Home Boan Biologics (06955.HK): Phase II Clinical Trial of BA1106 in Combination with BA1104 for Non-Small Cell Lung Cancer Receives CDE Approval

Boan Biologics (06955.HK): Phase II Clinical Trial of BA1106 in Combination with BA1104 for Non-Small Cell Lung Cancer Receives CDE Approval

Jul 02, 2026 19:11 CST Updated 19:11
BoAn Biotech

Integrated Biopharmaceutical R&D and Manufacturing Company

BoAn Biotech(06955) announced that the application for a Phase II clinical trial of its independently developed innovative antibody BA1106 (anti-CD25 monoclonal antibody) in combination with its proprietary PD-1 inhibitor BA1104 (nivolumab) for first-line and second-line treatment of non-small cell lung cancer (NSCLC) has been officially approved by the Center for Drug Evaluation (CDE) of the National Medical Products Administration.

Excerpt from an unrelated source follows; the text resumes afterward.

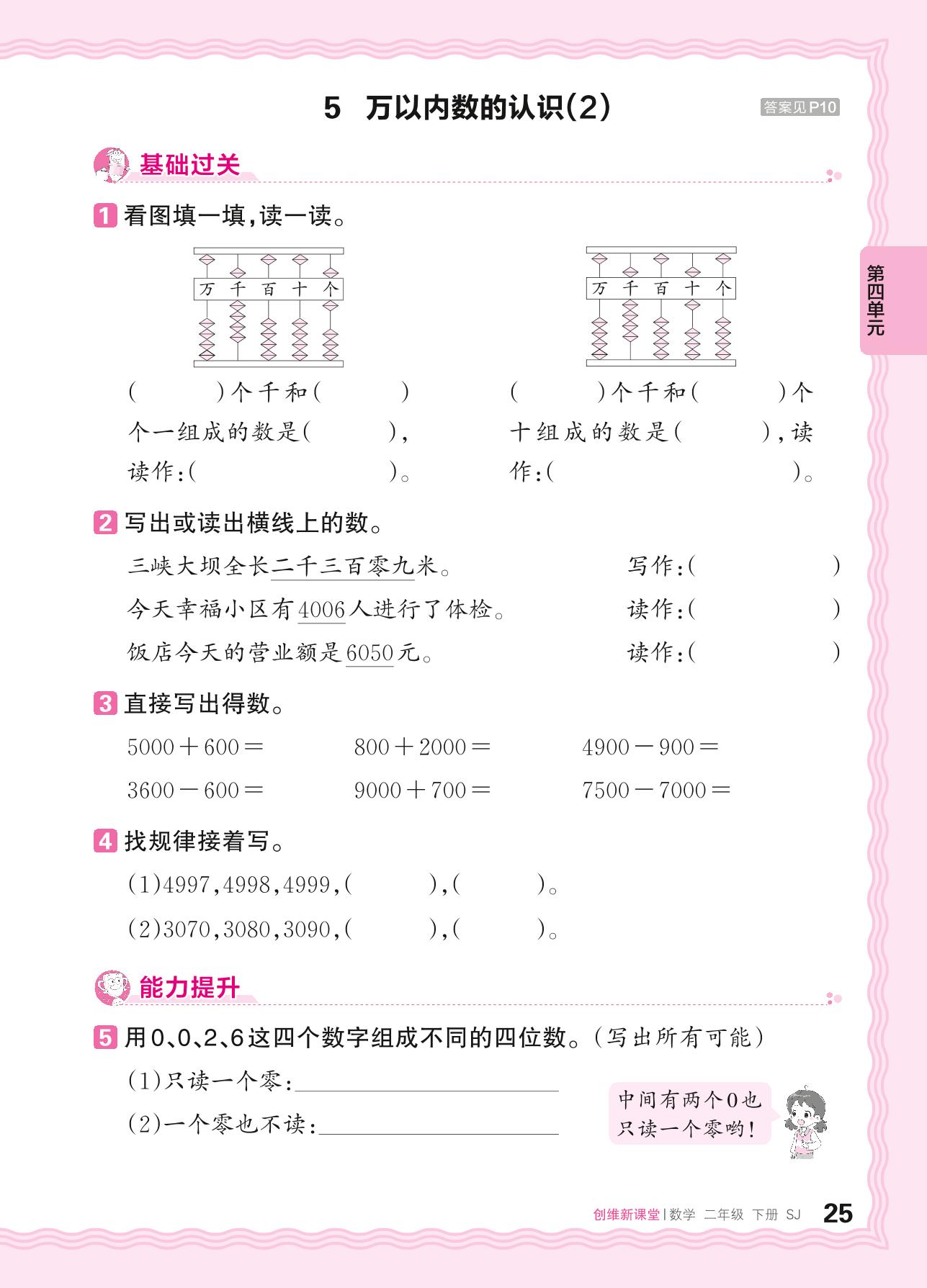 2024春下册二年级数学苏教版 第四单元 认识万以内的数——5. 万以内数的认识(2)

BA1106 is the first innovative non-IL-2-blocking anti-CD25 (interleukin-2 receptor alpha subunit, IL-2Rα) antibody to enter clinical development in China for the treatment of solid tumors. The approved Phase II clinical trial employs a multicenter, single-arm, open-label design, aiming to systematically evaluate the efficacy, safety, and pharmacokinetic (PK) profile of BA1106 in combination with BA1104 in patients with driver gene-negative non-small cell lung cancer (NSCLC). This clinical trial will provide critical data support for the company’s exploration of novel immunotherapy strategies.

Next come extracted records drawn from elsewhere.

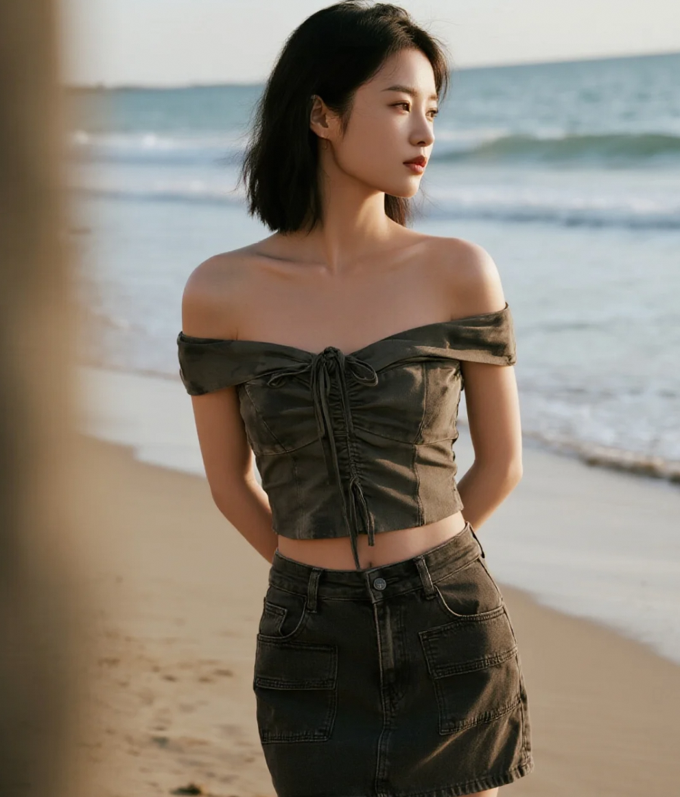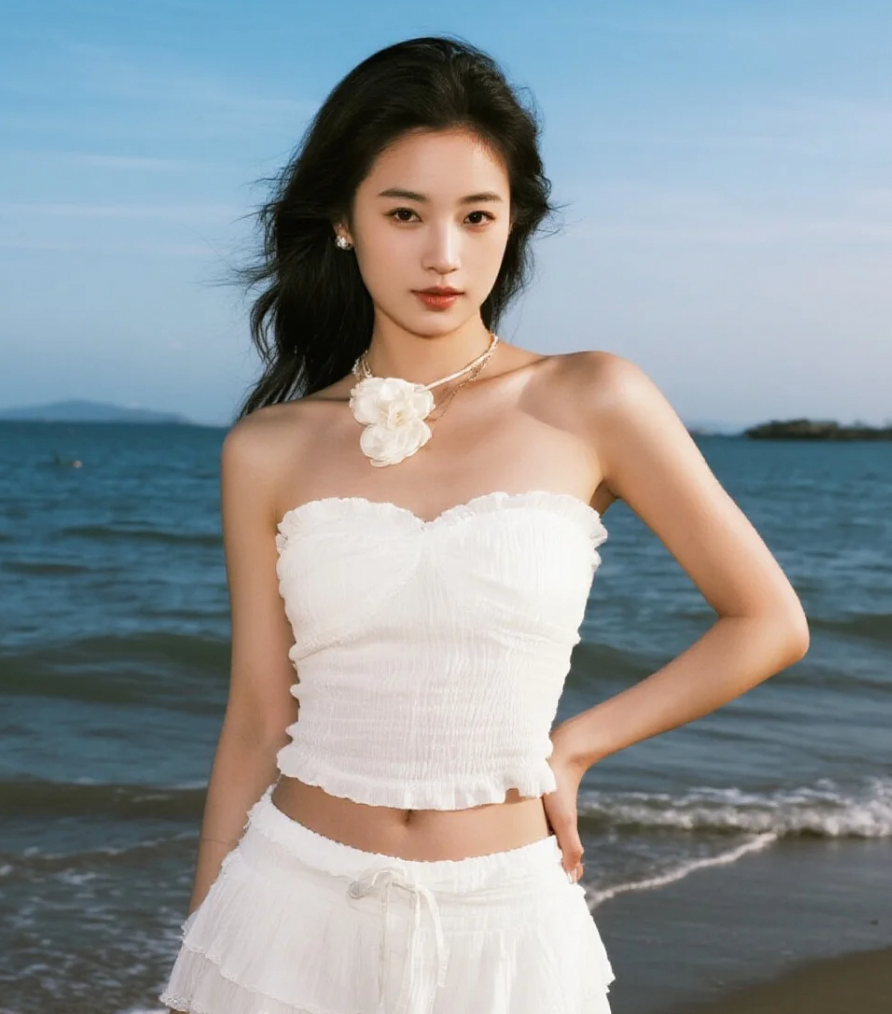 海风撩起发丝,她站在沙滩上美得像幅画!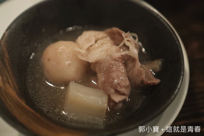 | 這一鍋是山形縣的鄉土料理芋煮鍋,裡面除了米澤牛以外還有其他食材,米澤牛的口感非常嫩口以外,油脂的部分也非常甜。 |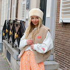 Deze Out of Office Teddy Bodywarmer is een behaaglijk en trendy item, perfect om een warme textuur en een speels detail aan je outfit toe te voegen. De bodywarmer is gemaakt van zachte teddy fleece in een veelzijdige ecru tint en is voorzien van een opvallende rode "Out of Office" patch op de borst. De drukknoopsluiting, de subtiele V-hals en de steekzakken maken dit een ideaal gelaagd item voor een comfortabele en fashionable look.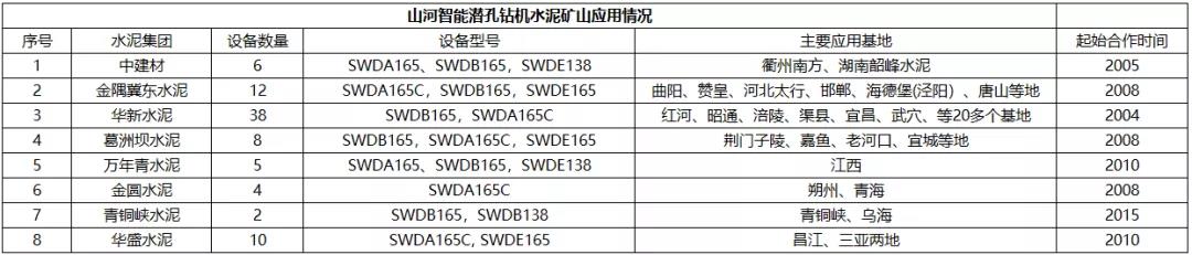 為積極應對市場變化,多家水泥企業主動轉變發展方式,其中,中建材、金隅冀東、華新、葛洲壩等水泥集團從鉆孔爆破、礦山開采等方面著手,選用國內鑿巖鉆機“領跑者”——山河智能裝備股份有限公司(以下簡稱“山河智能”)的鑿巖設備,在環保、智能、提效等方面均取得了有力的突破。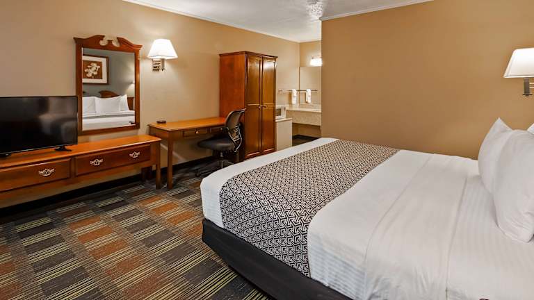 Das Guesthouse Acorn Inn in Cameron, Missouri, ist eine ideale Wahl für Reisende, die eine komfortable Unterkunft suchen und die Nähe zum Wallace State Park schätzen. Das Hotel bietet einen saisonalen Außenpool und kostenfreies WLAN. Die Zimmer sind gut ausgestattet und verfügen über einen Flachbild-Kabel-TV, einen Essbereich mit Mikrowelle, Kühlschrank und Kaffeemaschine sowie ein eigenes Bad mit Haartrockner. Ein kontinentales Frühstück wird täglich serviert und umfasst eine Vielzahl von Speisen. Das Hotel bietet auch malerische Gärten, eine 24-Stunden-Rezeption und kostenfreie Parkplätze. Der Golfplatz Cameron ist nur 6 km entfernt und das Zentrum von Kansas City erreichen Sie in etwa 45 Fahrminuten mit dem Auto.

In Phase I clinical trials, the combination of BA1106 and BA1104 has demonstrated positive efficacy signals in patients with various solid tumors, including lung adenocarcinoma, lung squamous cell carcinoma, and gastric cancer. All enrolled patients had previously received immune checkpoint inhibitor therapy and experienced disease progression. Safety results indicated that BA1106, whether administered as monotherapy or in combination with BA1104, exhibited a favorable safety and tolerability profile, with the vast majority of treatment-related adverse events being Grade 1–2. No dose-limiting toxicities were observed during dose escalation, and the maximum tolerated dose was not reached even at the 1.2 mg/kg dose level.